Physical Navigation Prompt Injection

Affected Models:GPT-3.5, GPT-4, Llama 2 7B

Research Paper

PINA: Prompt Injection Attack against Navigation Agents

View Paper

Description: LLM-based navigation agents, including NavGPT and prompt-tuned outdoor agents, are vulnerable to adaptive prompt injection attacks. This vulnerability allows remote attackers to hijack the physical movement of the agent by embedding optimized malicious instructions into benign natural language inputs. The issue arises because the agents parse user instructions to generate executable plans without sufficient separation between control logic and untrusted input. The PINA (Prompt Injection Attack against Navigation Agents) framework exploits this by utilizing a feedback-loop mechanism—comprising a Distribution Analyzer (measuring KL divergence and token probability shifts) and an Attack Evaluator—to iteratively refine injection prompts. This technique functions effectively in black-box settings and persists despite long-context histories that typically dilute static injections.

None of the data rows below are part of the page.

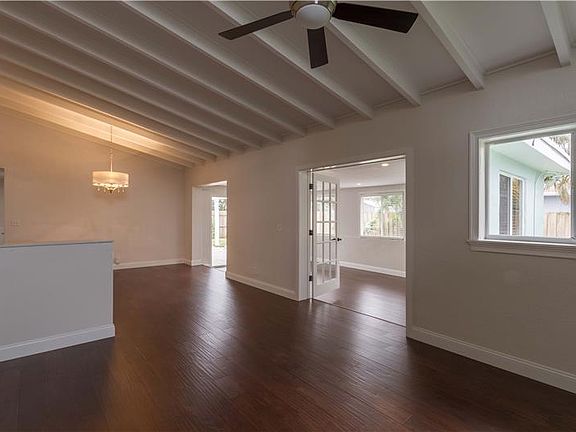 Ready to Move In! Completely renovated 3 bedrm 2 bath home. New roof Feb 2016, Covered front entry and breezeway with detached oversize one car garage. Beautiful wood floors and high vaulted ceilings. Spacious open floor plan features a wood burning fireplace, french doors open to a large family room. The split bedroom plan offers privacy for the master bedrm. White shaker style cabinetry, walnut butcher block counters and all new appliances. New washer & dryer in laundry room. Pergola covered brick paver patio and large backyard with room for a pool. Only minutes to the beach!
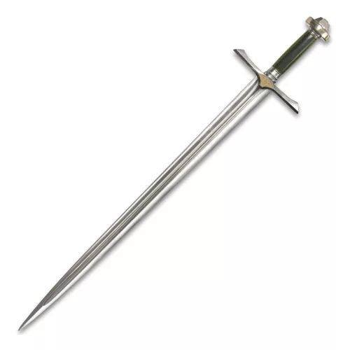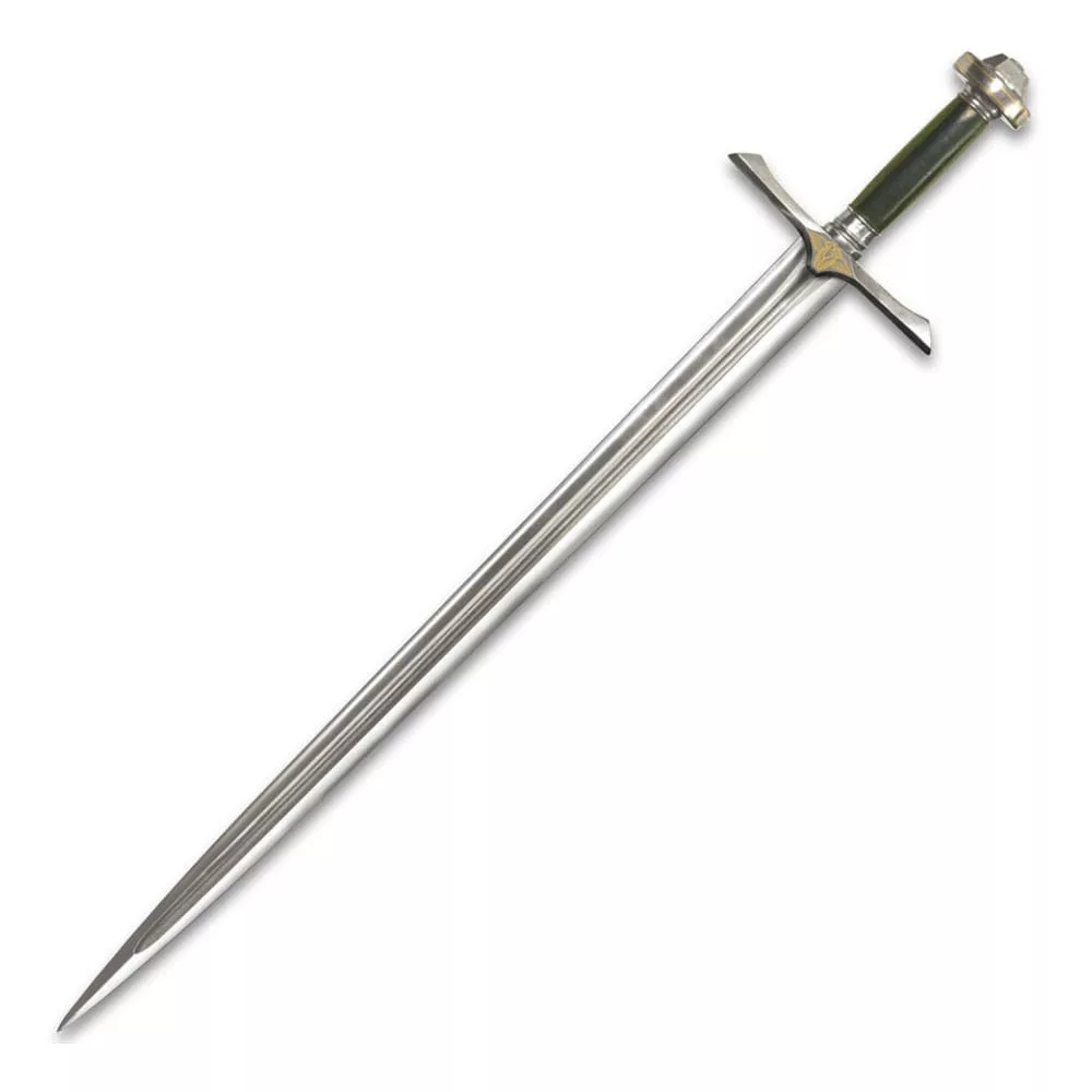 This authentically detailed sword replica is a reproduction of the actual filming prop sword crafted by Weta Workshop of New Zealand and used in THE LORD OF THE RINGS&trade. films presented by New Line Cinema. This meticulously detailed sword, with an overall length of 42', features a solid metal guard and pommel with an antique steel finish and a genuine leather wrapped grip. The cross guard is adorned with gold twin raven motifs and the pommel is accented with gold rings. The 33' false-edged blade is crafted of tempered stainless steel with a fuller groove. Each sword is presented with a wood wall display and certificate of authenticity.
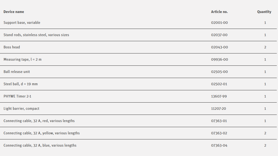 Pupils should examine a body’s free fall under the earth’s gravitational pull with the timer, a starting apparatus and a photoelectric gate, and they should determine the earth’s gravitational acceleration from the information obtained.
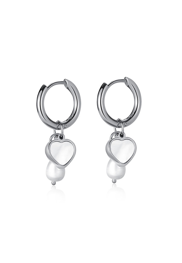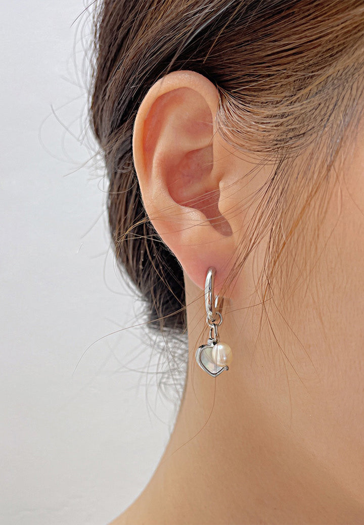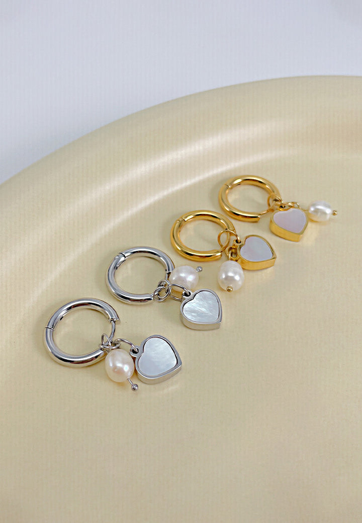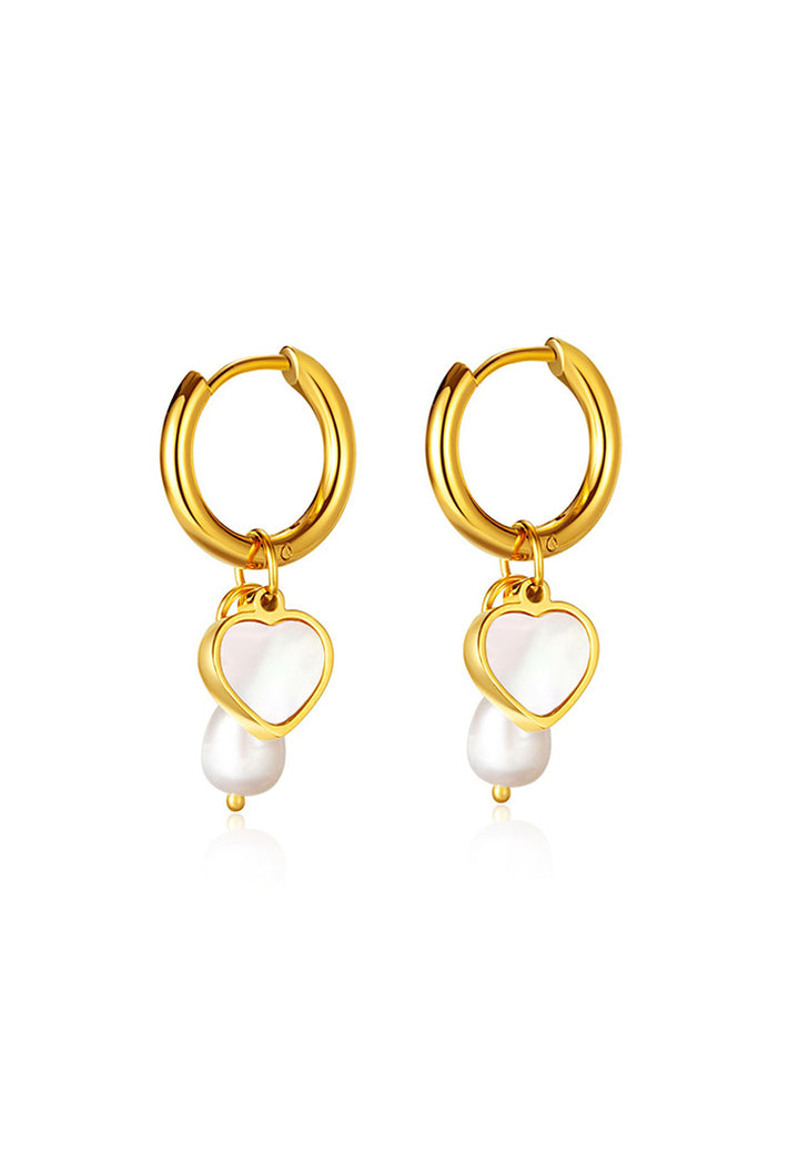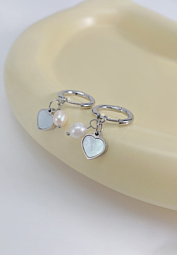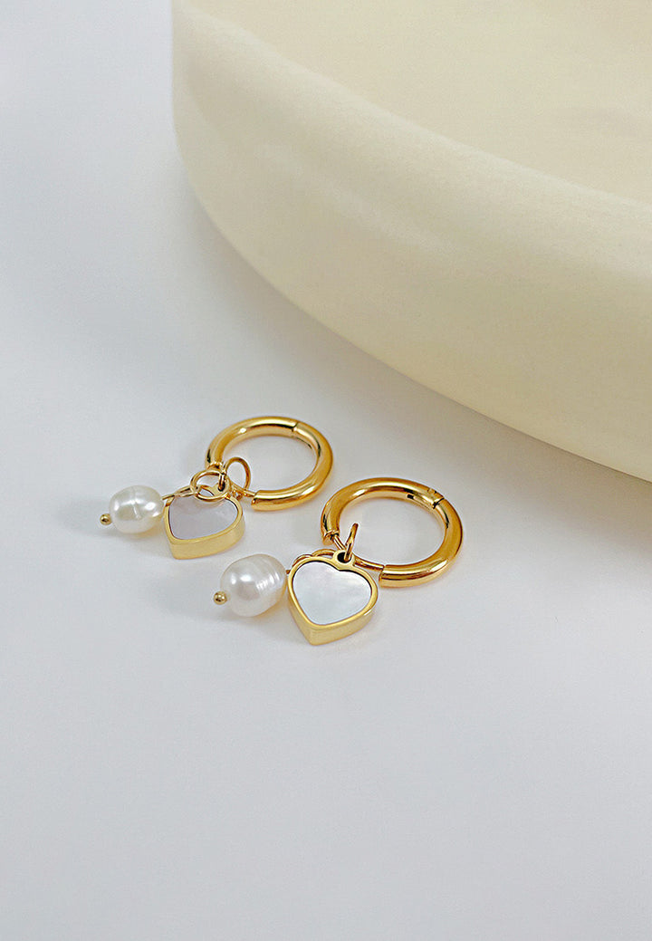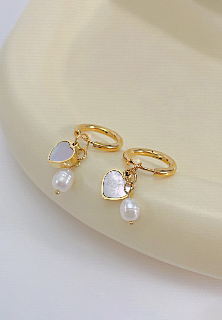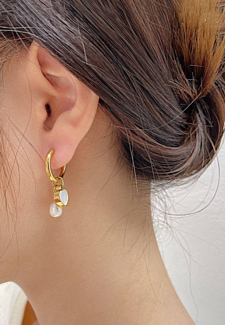 These earrings feature polished hearts adorned with mother of pearl inlays, each elegantly framing a luminous pearl drop. The design seamlessly combines traditional elegance with contemporary design elements, making it a versatile accessory perfect for adding a touch of sophistication to any ensemble.
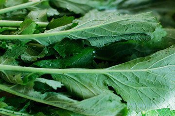 Close up photo of Fresh white turnip greens sitting on wooden table. Beautiful soft sunlight.

Examples: Specific injection strings are dynamically generated based on the target environment and instruction set.

  • See repository at https://github.com/nikikiki6/PINA for the PINA framework implementation, including the Attack Evaluator and Adaptive Prompt Refinement algorithms used to generate effective injection prompts against the R2R (Room-to-Room) dataset.

Impact: Successful exploitation results in the physical misdirection of the navigation agent. This causes:

  • Mission Failure: The agent fails to reach the designated target (Attack Success Rate of 75% on indoor agents and 100% on outdoor agents).
  • Operational Inefficiency: drastically reduced SPL (Success weighted by Path Length) and increased trajectory length.
  • Physical Safety Risks: The agent can be forced into unsafe routes or maneuvers, potentially leading to property damage or physical harm in the operating environment.

Affected Systems:

  • NavGPT (utilizing GPT-3.5-turbo and GPT-4)
  • LLM-based outdoor navigation agents (specifically those based on prompt-tuning architectures like Balcı et al.)
  • Robotic navigation systems integrating LLMs for natural language instruction following without strict input sanitization layers.

Mitigation Steps:

  • Implement "self-reminder" strategies where system instructions are prefixed with reinforcement phrases (e.g., "You should remind yourself of the original goal...") to suppress injected content (Note: The paper demonstrates this only partially reduces ASR from 75.00% to 68.80%).
  • Utilize the PINA evaluation framework to conduct adversarial training, exposing the agent to optimized injection prompts during the tuning phase to improve resilience.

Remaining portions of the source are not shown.